И в ответ в толпе горячей волной рождался вой, вопли и слезы, крики к ним, а там за песнею отчаянно гремело «ура», и узелки снова плыли по горячим, взволнованным рукам, над головами, к вагонам.
— Ироды, — кричала одна, — дайте с родной кровью-то попрощаться!
У него похолодели щеки. Всем сердцем он чувствовал тепло и жизнь их тел, видел изрубцованные морщинами шеи, рыжие бороды, белые от горя и потери глаза.
— Тронулся, — сказал простоволосый, с прилипшими к потному лбу волосами парень, — ишь, как закричали.
— А что делать, — сказал мужик, — кричи, больше ничего не осталось.
Оркестр вернулся, они уехали без него, где-то далеко шел поезд, и в первый раз перед ними проходила Россия по пути к месту боев, к земле, в которой большинству из них суждено было лежать, к земле, не видя которую, но тайно предчувствуя, оплакивали их матери, жены в солнечный день, отпевали живых, тайно видя мертвым дорогое лицо, рожденное тело.
Истощенные слезами, они возвращались домой, как возвращаются с казни, зная, что впереди пустое за столом место, его праздничная одежда лежит в сундуке. В зной по проселкам, по белому, с телеграфными, уходящими на далекие версты столбами шоссе, тянулись шагом телеги, — отец с горя пьян, женщины тупы и безучастны от пролитых слез, и к пустой, стоящей на солнце избе идет, поматывая головой, съевший в городе все запасенное сено темногривый конь, а поле ждет, перезревая под солнцем.

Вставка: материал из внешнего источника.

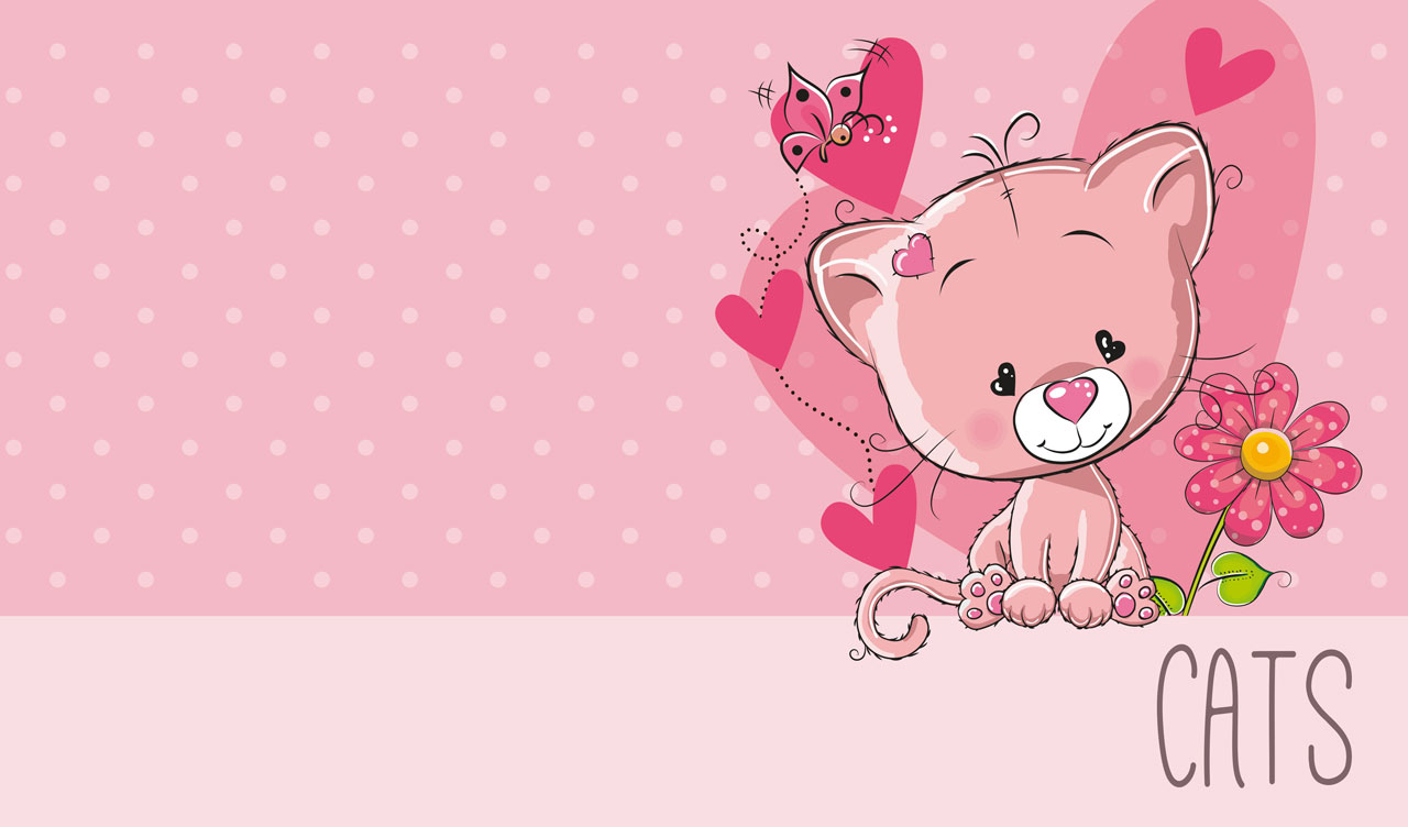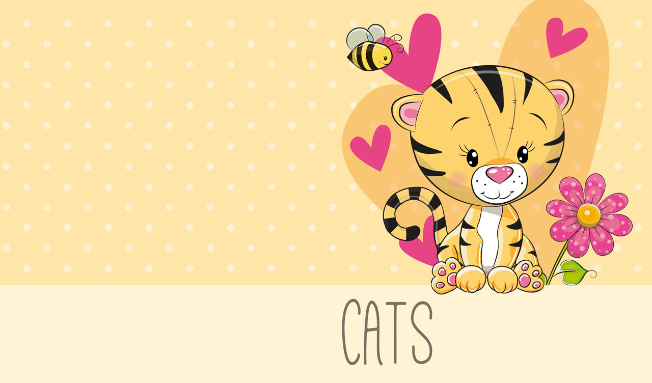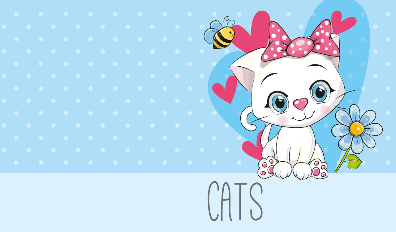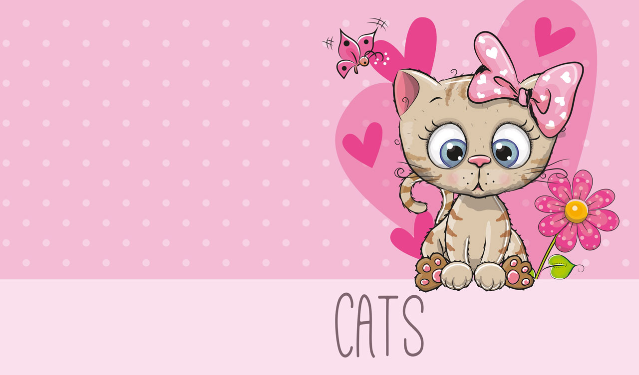 1. Animated tabby kitten on a pastel pink polka dot and heart patterns 2. Animated white kitten on a pastel blue polka dot and heart patterns 3. Animated navy black kitten on a pastel purple polka dot and heart patterns 4. Animated tiger cub on a pastel yellow polka dot and heart patterns 5. Animated pink kitten on a pastel pink polka dot and heart patterns
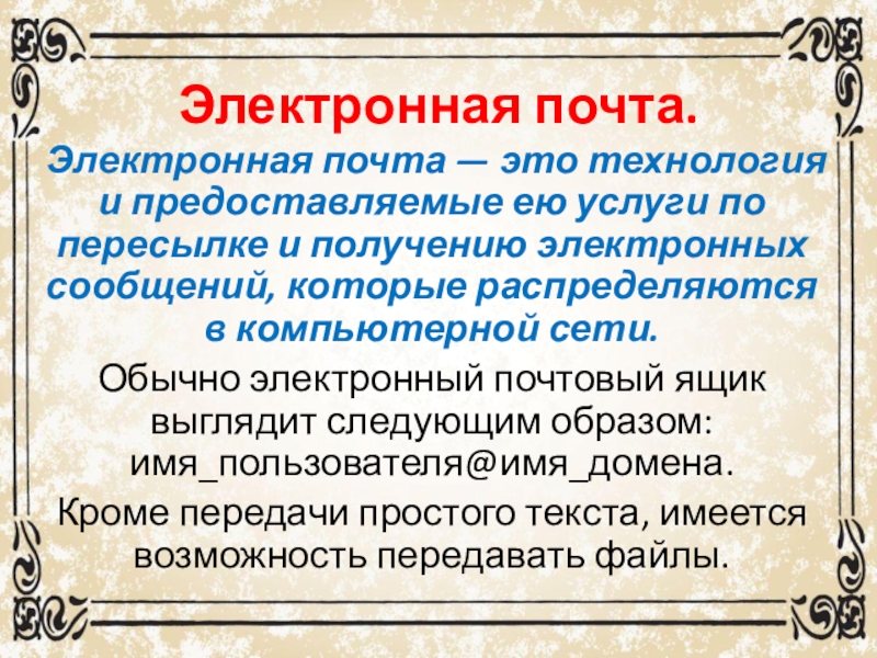 Электронная почта — это технология и предоставляемые ею услуги по
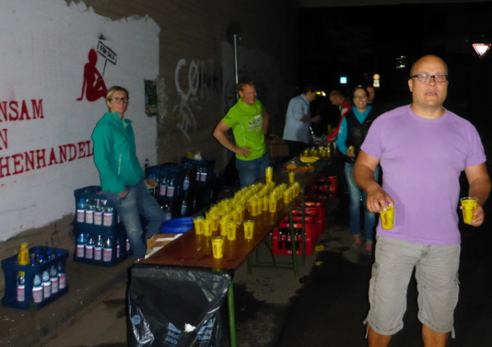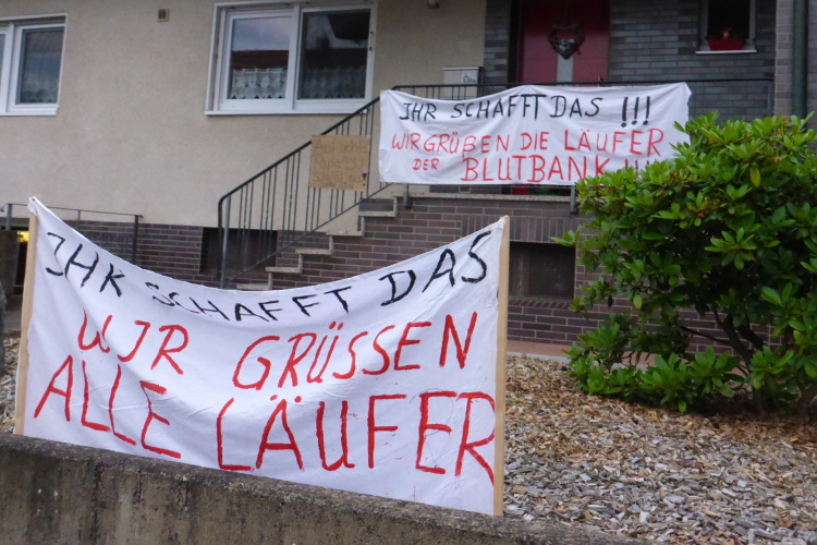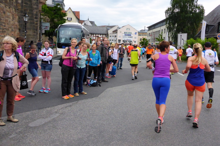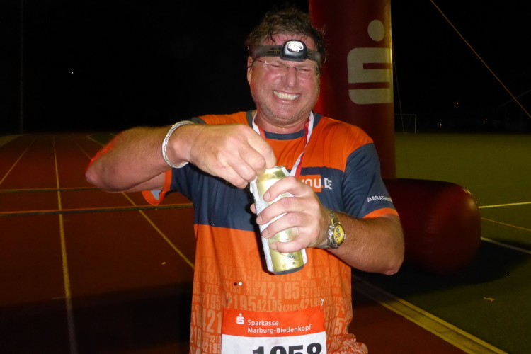 Dann lerne ich Sivabalan Pandian aus Mumbai kennen, der seit drei Jahren nur noch abgekochtes Wasser trinkt und so 70 kg abgenommen hat. Ein Sixpack hatte er pro Tag getrunken. Ich frage „What?“ Er sagt: „Whiskey!“ Heute ist sein 48. Marathon und der 22. in Deutschland. Letzte Woche ist er 4 Marathons in Amerika gelaufen. Mich beeindruckt seine Lebensfreude. Er ist heute Morgen in Frankfurt gelandet und will am Sonntag „somewhere near Kiel“ einen Marathon laufen. Ich glaube, nur bei Marathons trifft man so durchgeknallte Typen. Und an den Verpflegungsstationen in Gisselberg.
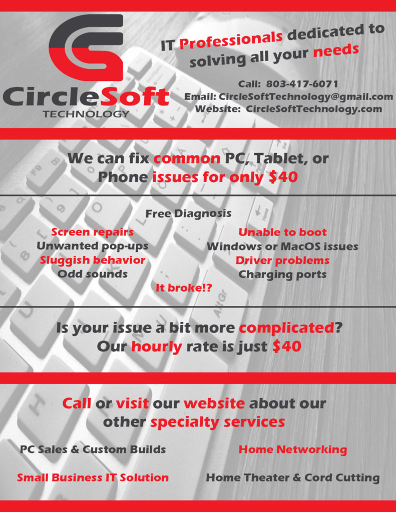 Taking his concerns to heart I created a flyer that spent half the real estate on PC repair. The other half was split evenly between branding and our specialty services. The focus line was placed about a third of the way down the page so a readers eye would be drawn to the price point.
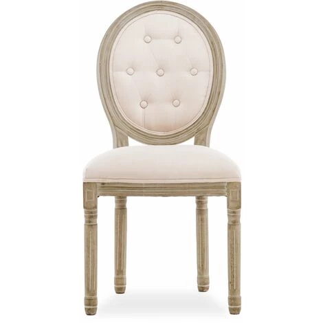 La chaise médaillon capitonnées Louis XVI en tissu et bois prendra place tout naturellement dans votre salle à manger ou encore devant votre coiffeuse. Avec son dossier ovale capitonné et son assise parfaitement rembourrée, vos convives pourront déguster leur repas en toute tranquillité. Grâce à son alliance de bois patiné et de tissu, votre table de salle à manger sera mise en valeur sans le moindre artifice.
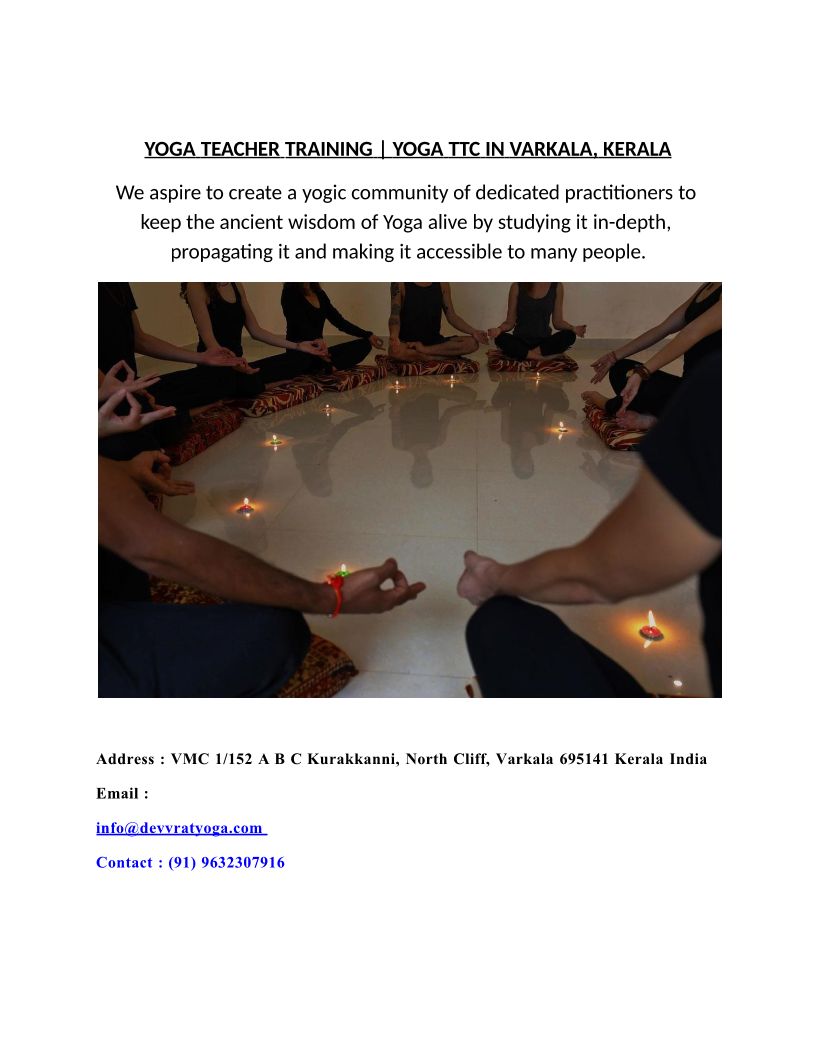 YOGA TEACHER TRAINING YOGA TTC IN VARKALA, KERALA
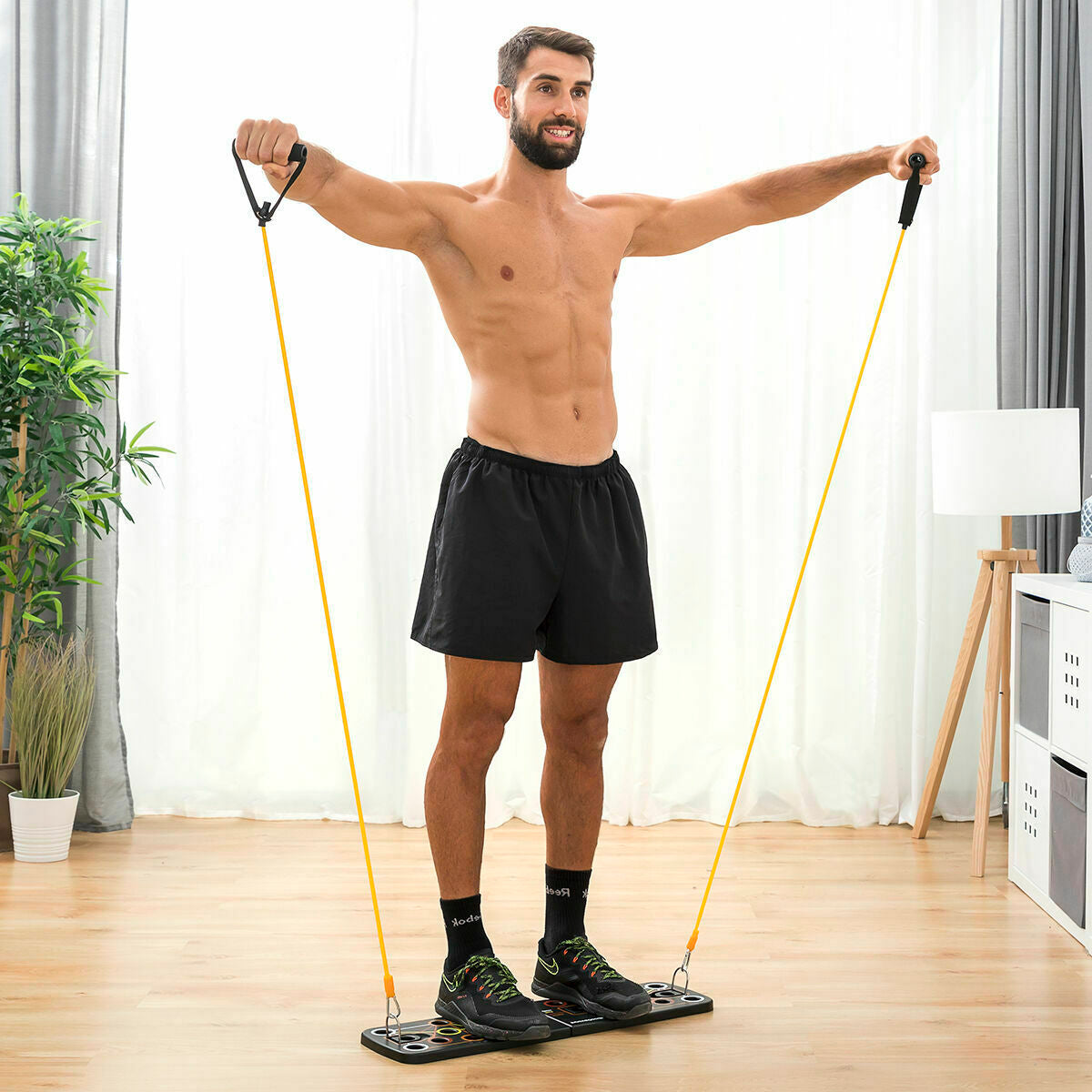 - Tabla de Flexiones Push-Up con Bandas de Resistencia y Guía de Ejercicios

И потом, работая близ железнодорожной насыпи в поле, разгибаясь, прикрывая рукой с серпом от солнца глаза, она видит — вагоны, вагоны, а в них новые солдатские головы. Слезы обжигают глаза, жгут щеки, и, снова сгибаясь, она жнет, вяжет снопы, кладет их на жнивье, знойный ветер сушит темное немолодое лицо, и в солнце, в отягченных хлебах женское лицо скорбно, как лик провожавшей Сына на смерть Богородицы. Над лбом повязан белый платок — темное в морщинах лицо, глаза заплаканы, но покорны, — постаревшее в горе лицо, а руки послушно вьют жгуты из соломы, спина болит от работы, и, разогнувшись, не видя ничего, она смотрит пустым взором на знойное небо, на поле, залитое солнцем.